Il giorno dechinava, venne sera, di poi si fece notte; e sotto quel folto padiglion di verzura, ove Pery dormiva come in un santuario, non un solo rumore rivelava quanto ivi accadeva.

Quando il primo riflesso del giorno tinse di porpora l’orizzonte, le foglie si aprirono, e Pery esausto di forze, vacillante, dimagrito, come fosse uscito da una lunga infermità, venne fuori dal suo nascondiglio.

Mal potea sostenersi, e per camminare era obbligato a sorreggersi alle piante che incontrava nel suo passaggio: in questo modo avanzò per la foresta, e colse alcuni frutti che gli restituirono alquanto di forza.

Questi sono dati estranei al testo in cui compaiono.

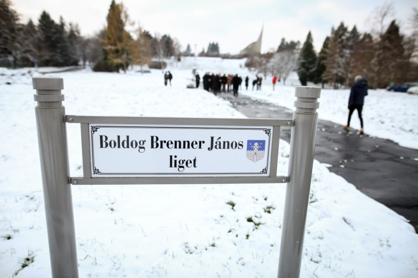Az ünneplés aztán ligetmegáldással folytatódott. Szombathely városának közgyűlése idén júniusban szavazott arról, hogy a közbeszédben „emlékmű- és szánkódombként” nevezett terület, az a hely, ahol május 1-jén 15 ezer hívő ünnepelte Brenner János boldoggá avatását, ezután a Brenner János liget elnevezést viseli majd. A helyszínen Hende Csaba, Szombathely országgyűlési képviselője, Puskás Tivadar polgármester, valamint Székely János szóltak az ünneplőkhöz. A megyéspüspök örömének adott hangot, hogy Krisztus keresztje meghódította ezt a teret is. Hangsúlyozta, azokat az embereket tekinthetjük a történelem nagyjainak, akik által a teremtő Isten megjelent a földön. A főpásztor megáldotta a ligetet, és mindazokat, akik használatba veszik majd azt.

Giunto in riva al fiume, Pery già sentiva rinascere il vigore, e il calore avvivargli il corpo intorpidito; entrò nell’acqua e vi s’immerse.

Quando tornò alla sponda, era già altr’uomo; una riazione era accaduta in lui; le sue membra aveano ricuperata l’elasticità naturale; il sangue scorreva liberamente nelle sue vene.

Allora pensò a racquistare le forze perdute, e tutto quanto la foresta offriagli di saporoso e di nutriente servì a quel banchetto della vita, ove il selvaggio festeggiava la sua vittoria sulla morte e sul veleno.